AVAILABLE DATA:
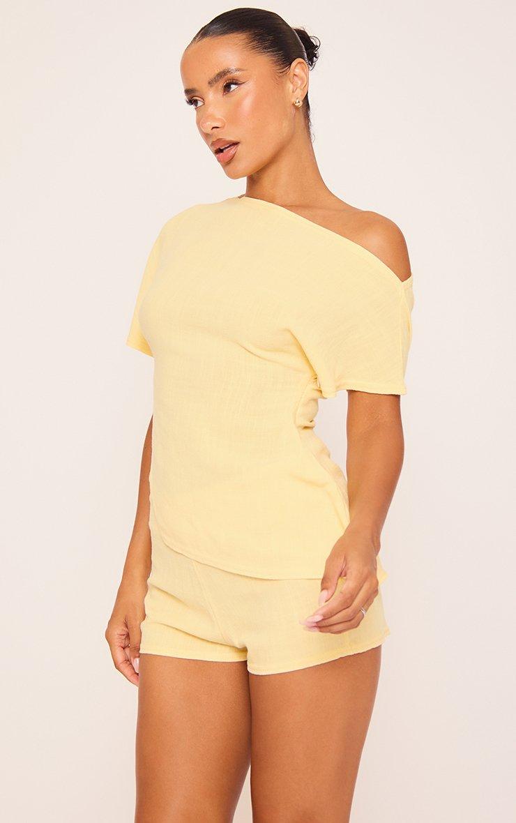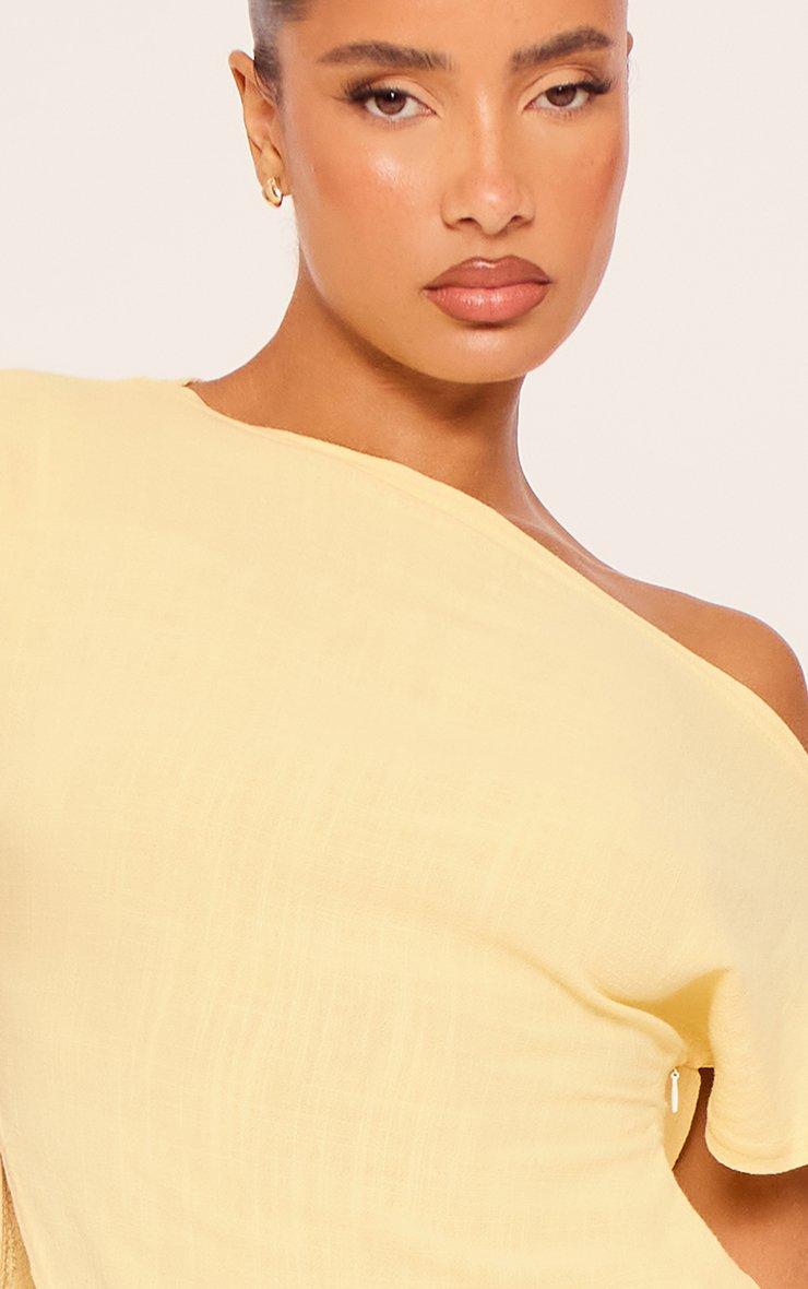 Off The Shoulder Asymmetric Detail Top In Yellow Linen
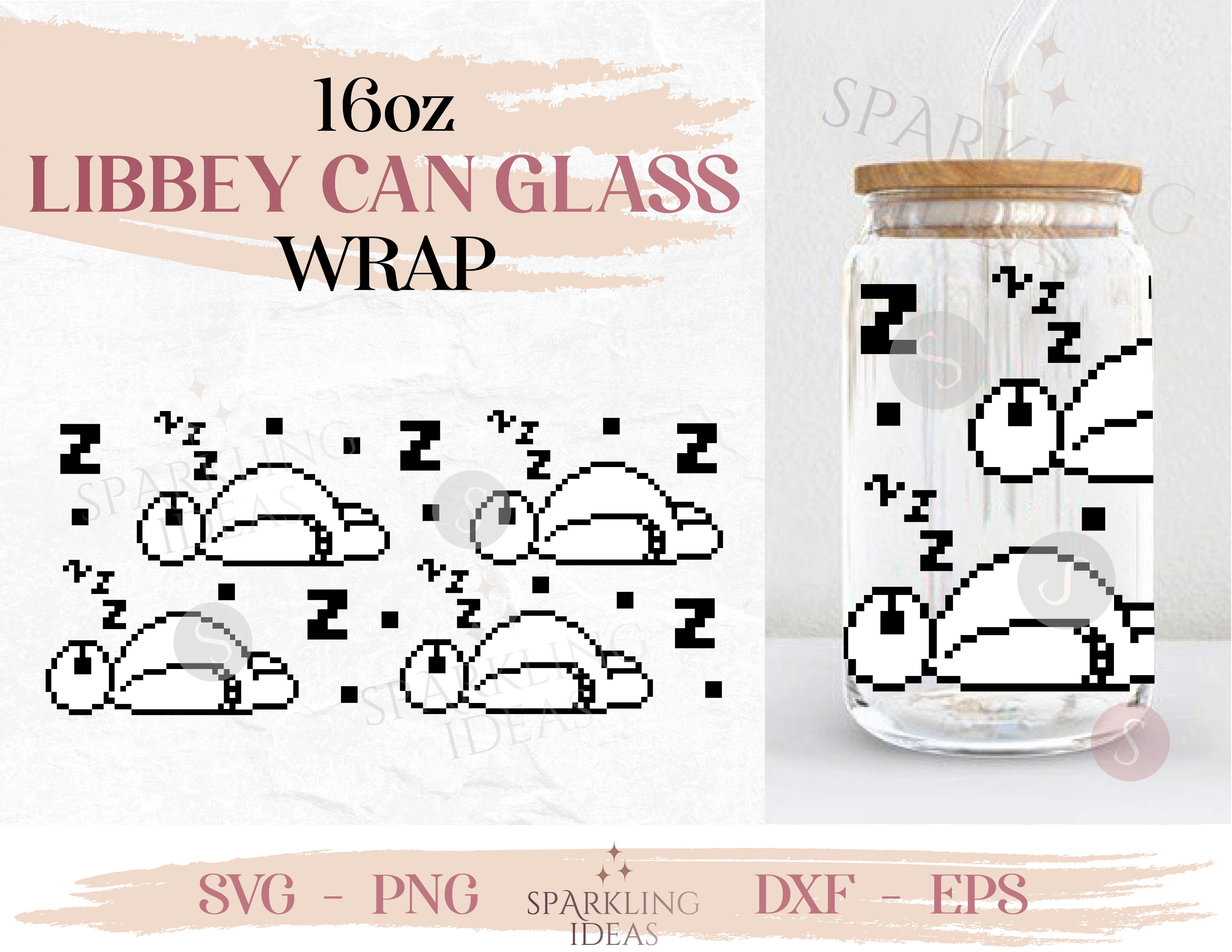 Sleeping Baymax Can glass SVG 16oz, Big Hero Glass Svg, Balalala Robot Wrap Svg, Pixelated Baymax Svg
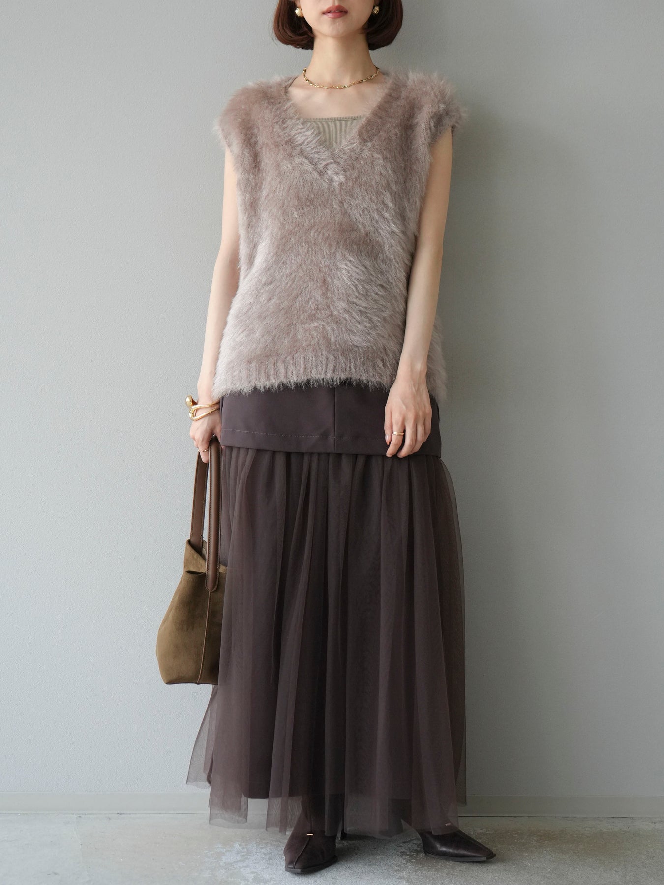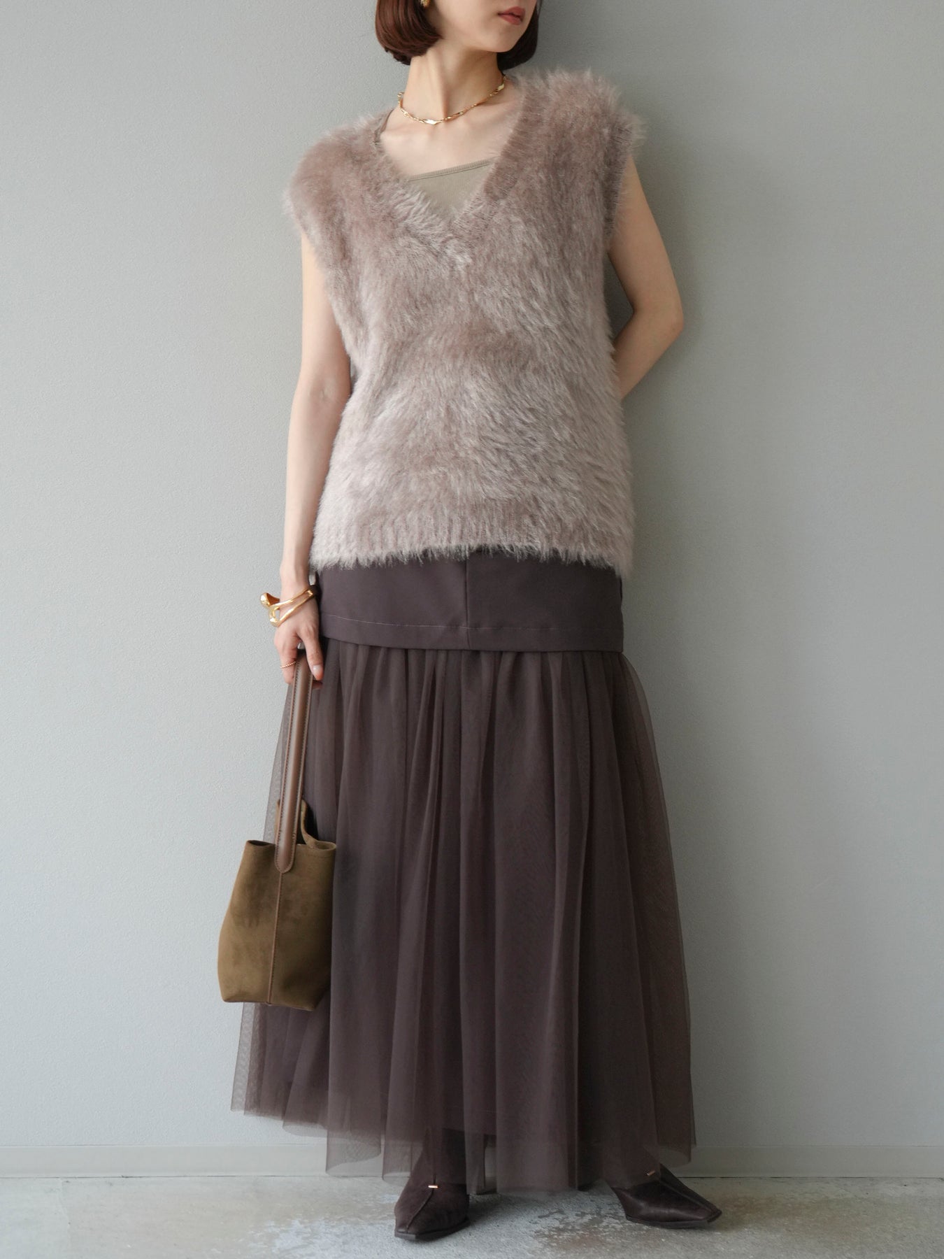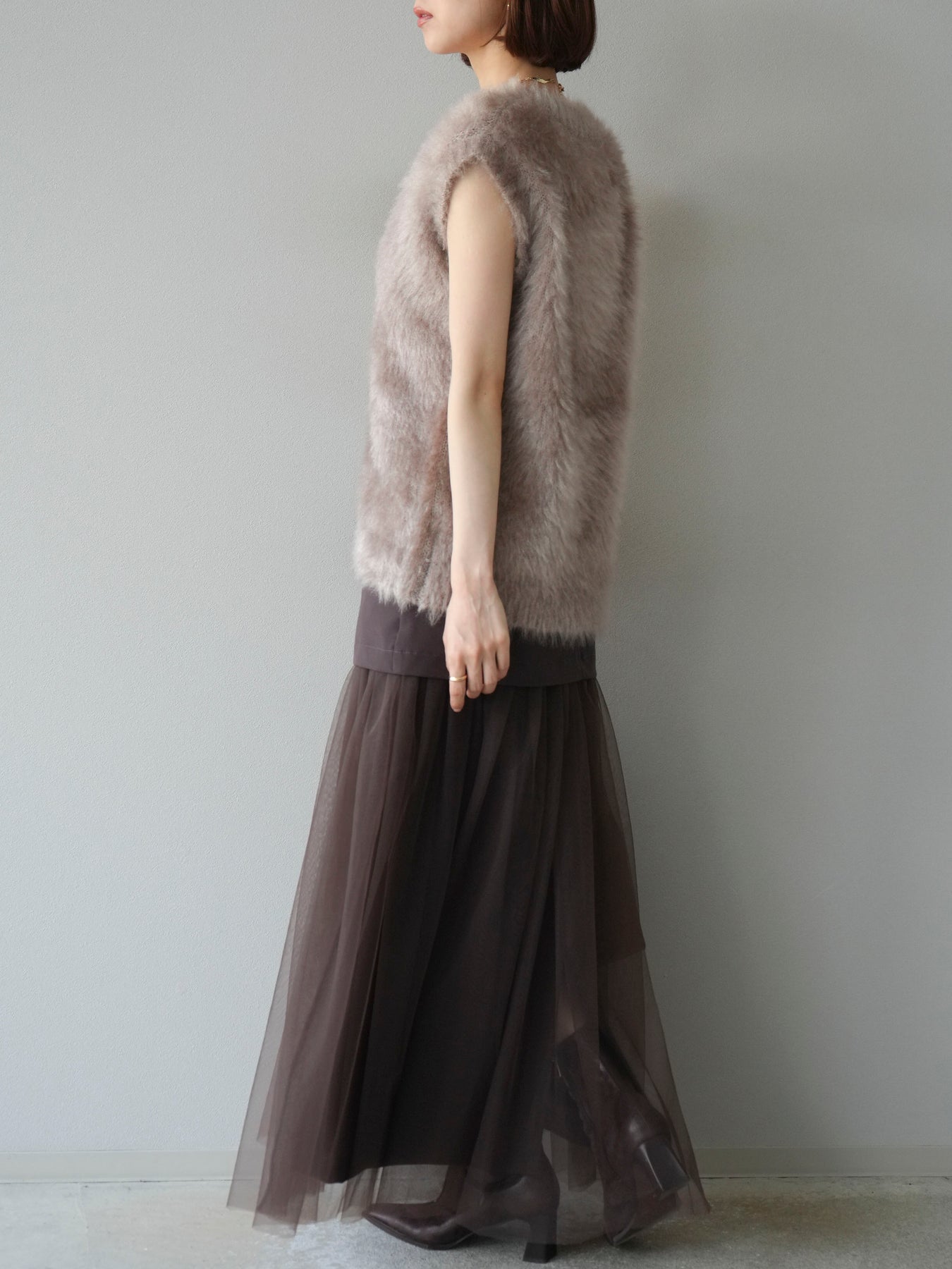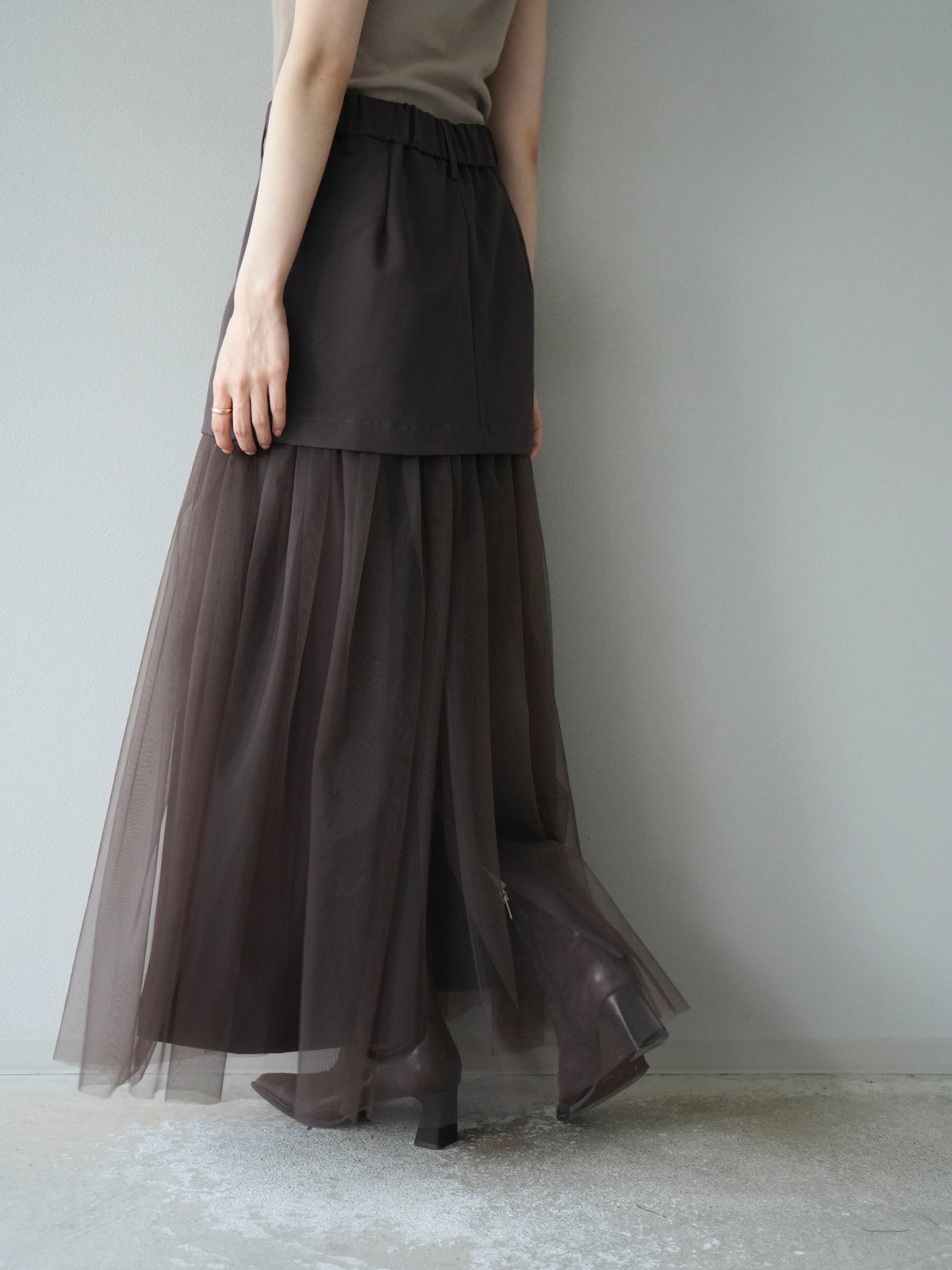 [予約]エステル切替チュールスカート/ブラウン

WHAT TO PRODUCE:
When repeating the material above, keep every line exact and drop all pictures.

SOLUTION TO THE EXERCISE:
 Off The Shoulder Asymmetric Detail Top In Yellow Linen
 Sleeping Baymax Can glass SVG 16oz, Big Hero Glass Svg, Balalala Robot Wrap Svg, Pixelated Baymax Svg
 [予約]エステル切替チュールスカート/ブラウン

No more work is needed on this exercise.